Si Hubert Haddad occupe une position tellement singulière dans notre littérature, c’est qu’il a connu plusieurs vies avant d’être écrivain : éducateur de rue, ouvrier ou encore forain. Fort d’une cinquantaine d’ouvrages, il compose une oeuvre qui doit au roman-monde (Palestine, Japon, Inde, Amérique) autant qu’à la géométrie des rêves (pour paraphraser l’un de ses propres titres). Casting sauvage est un hommage à Paris, à la suite des attentats de novembre 2015. On y déambule avec Damya, une ancienne danseuse qui, blessée ce soir-là, en a gardé des séquelles. Désormais, elle marche en boitant. Elle parcourt la ville pour les besoins d’un film, inspiré de La Douleur de Marguerite Duras, sur les déportés de retour après la guerre. Il lui faut donc trouver de nombreux figurants. Pour les dénicher, elle arpente les quartiers plutôt populaires de la capitale, ou les bords de Seine et de canal, voire les quais et les halls de gare. Son casting nous offre des portraits marquants – comme celui de Matheo Lothar, le sculpteur alcoolique vivant sur sa péniche du quai de la Tournelle –, et des rencontres dangereuses – un islamiste surveillé par la police.
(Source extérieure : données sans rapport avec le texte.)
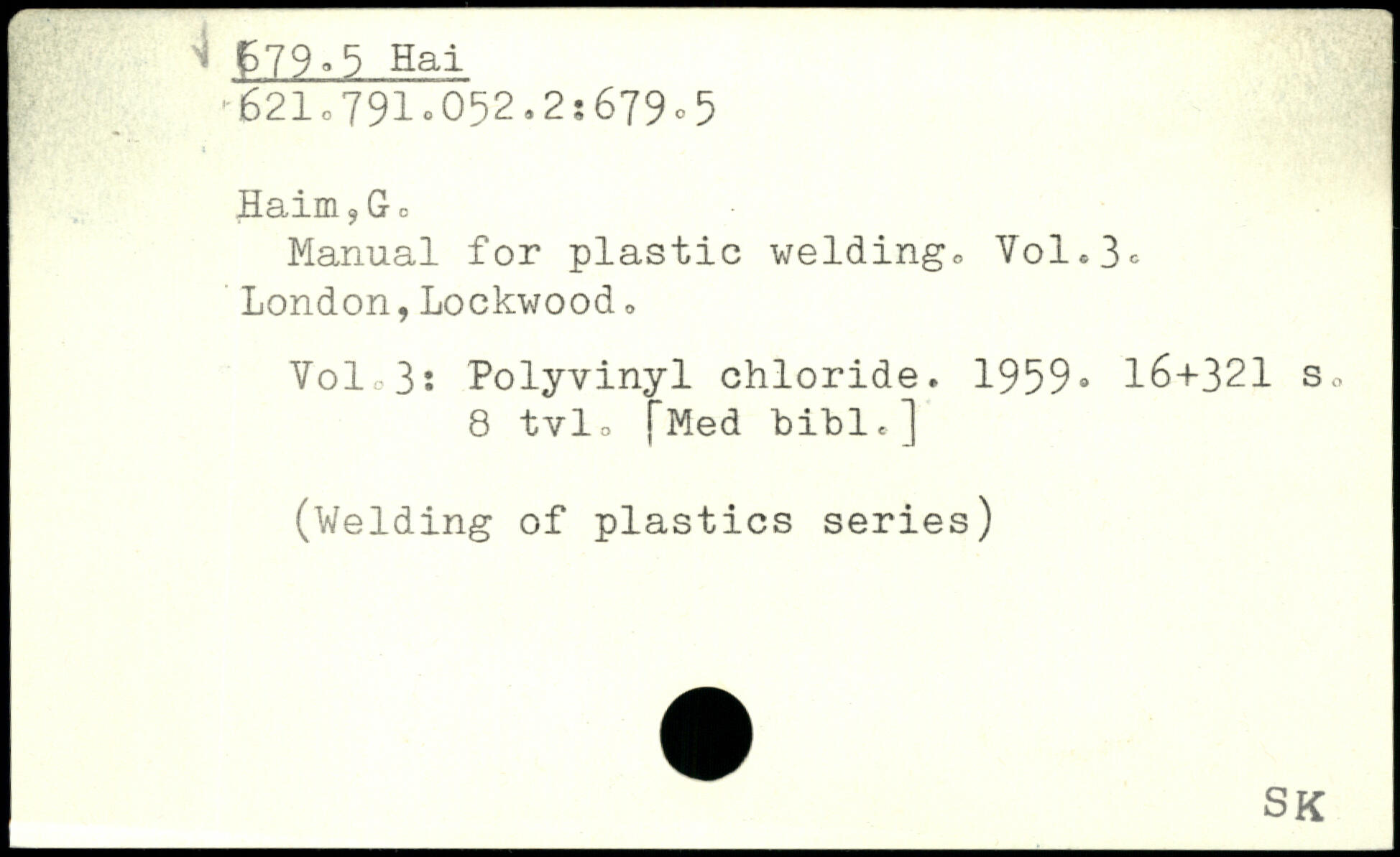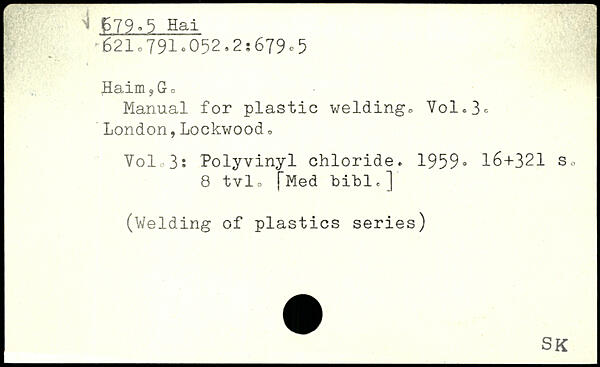 Haim?Gc Manual for plastic welding. Yol.3e London,Lockwood. Volo3: Polyvinyl chloride. 1959.

Mais sa quête en cache une autre : celle d’un homme croisé sur les terrasses, ce fameux 13 novembre. « Et de ce ruissellement, beau cristal en éclats, recréons la mémoire et la ville en dansant » , écrit Haddad, composant une ode à l’art comme instrument ultime de résilience et de mémoire pour réécrire la vi( ll) e. Émouvant, possédé et lumineux.